The Deepening Opioid Crisis Among Native Americans

The Deepening Opioid Crisis Among Native Americans

thecrimereport.org/2017/05/24/the-deepening-opioid-crisis-among-native-americans/

The Cherokee Nation of Oklahoma has launched a lawsuit against three national retail pharmacy chains and two of the largest national drug distributors in the country.
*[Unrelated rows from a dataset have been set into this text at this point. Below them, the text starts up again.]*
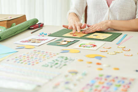 Close-up shot of unrecognizable woman wrapped up in making decoration for handmade greeting card while sitting at wooden table
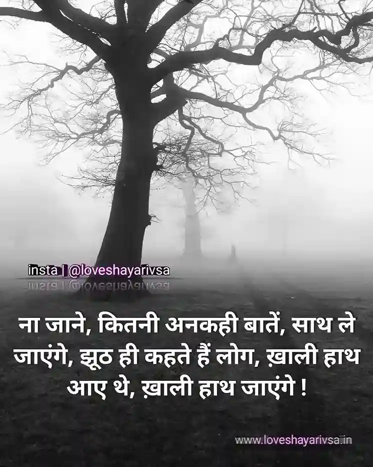 इस संग्रह में हर तरह की सैड शायरी हिंदी और अंग्रेजी (Sad Shayari in Hindi & English) भाषाओं में उपलब्ध है। अपनी हृदय की स्थिति के अनुसार शायरी चुनकर आप अपने प्रेमी और दोस्तों को भेज सकते हैं। Whatsapp Facebook or Instagram पर साझा करने के लिए सैड स्टेटस (Sad Status Image) चित्र के साथ भी यहाँ उपलब्ध हैं।
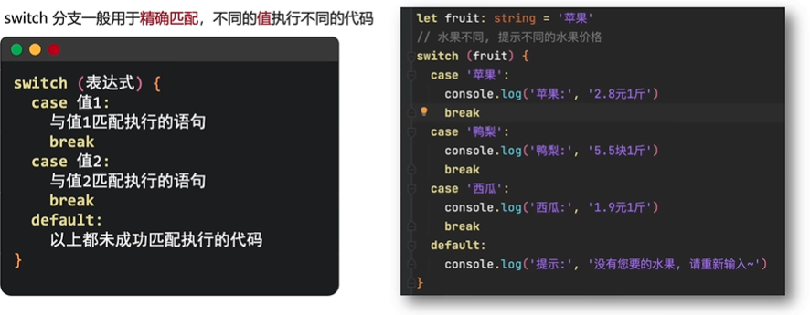switch分支一般用于精确匹配, 不同的值执行不同的代码
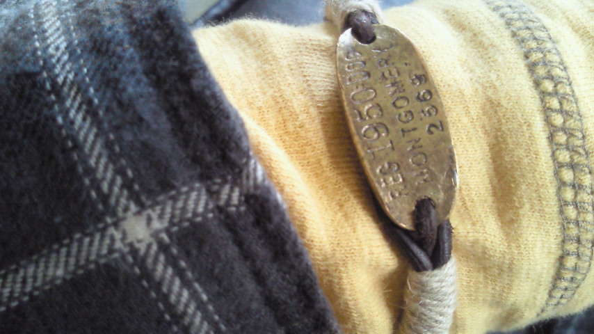 なぜこの部分かというと、この袖口のステッチのカジュアル感がたまらなく好きなのと(変な奴w)自作のアクセサリーをお見せしたかったのと、笑。
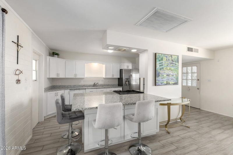 Listing details for 11467 Desert Hills Dr, Sun City, AZ 85351 : This beautifully updated and fully furnished 2-bedroom, 2-bath home is move-in ready and packed with upgrades! The stylish kitchen features granite countertops, a wrap-around breakfast bar, updated cabinetry and hardware, stainless steel appliances, and durable plank tile flooring that flows seamlessly throughout the home.
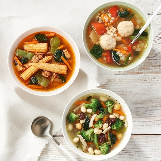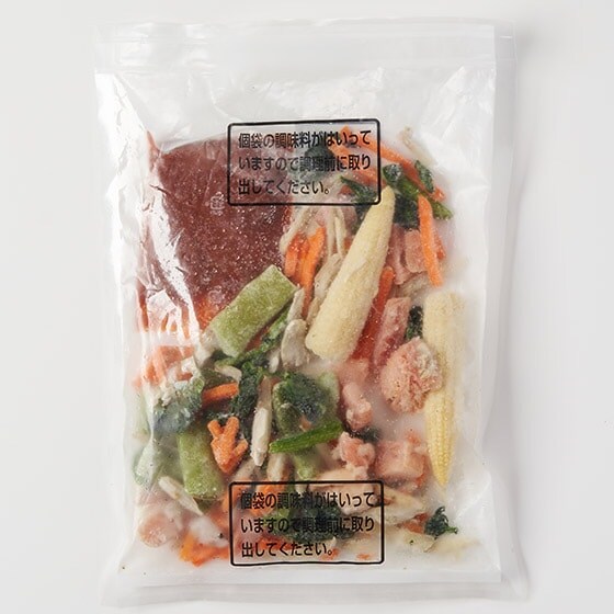 1食分の食べきりサイズに仕上げていますので、大人一人分の朝食やランチにおすすめです。 しっかり噛んで楽しめるように、具材を大きめにしてあります。 用意するものは水とわずかなオイルだけで、事前に解凍の必要もないため、忙しい時でもかんたんに作れます。 ■お召し上がり方

The complaint charges that they knowingly flooded the tribal community with prescription opioids, fueling a deadly drug epidemic that has taken hundreds of lives and cost hundreds of millions of dollars.

The landmark lawsuit, filed on April 20, 2017, contends that retailers Walmart, CVS and Walgreens, and wholesalers AmerisourceBergen, McKesson, and Cardinal Health, “allowed massive amounts of opioid pills to be diverted from legitimate channels of distribution into the illicit black market in quantities that have fueled the opioid epidemic in the Cherokee Nation.

 The suit alleges the defendants ignored red flags and “turned a blind eye” to known problems in their supply chains. Todd Hembree, the Cherokee Nation Attorney General, said the drug companies failed to keep their opioids from being diverted and did nothing to prevent rampant over-prescribing.

The rate of drug-related deaths among American Indian and Alaska Native people has quadrupled since 1999 and is double the rate of the country as a whole. The diversion of millions of opioid pills over the past 18 years has contributed to nearly 400 deaths among the Cherokee Nation – double the death rate of the country at large – and 10,000 hospital visits.

 Actions like the Cherokee suit can be expensive—especially if you lose and have to cover the legal expenses.

Despite this, considering the social destruction that prescription opioids have caused the American Indian and Alaska Native populations, it’s possible we will see other tribal nations follow with their own lawsuits.

The reason: there’s strength in numbers.

Similar lawsuits have snowballed among cities, counties and states, where opioid addiction has cost taxpayers and citizens billions of dollars. From coast to coast, they’ve come to the same conclusion: Drug companies are complicit in the opioid epidemic, and they need to be held accountable.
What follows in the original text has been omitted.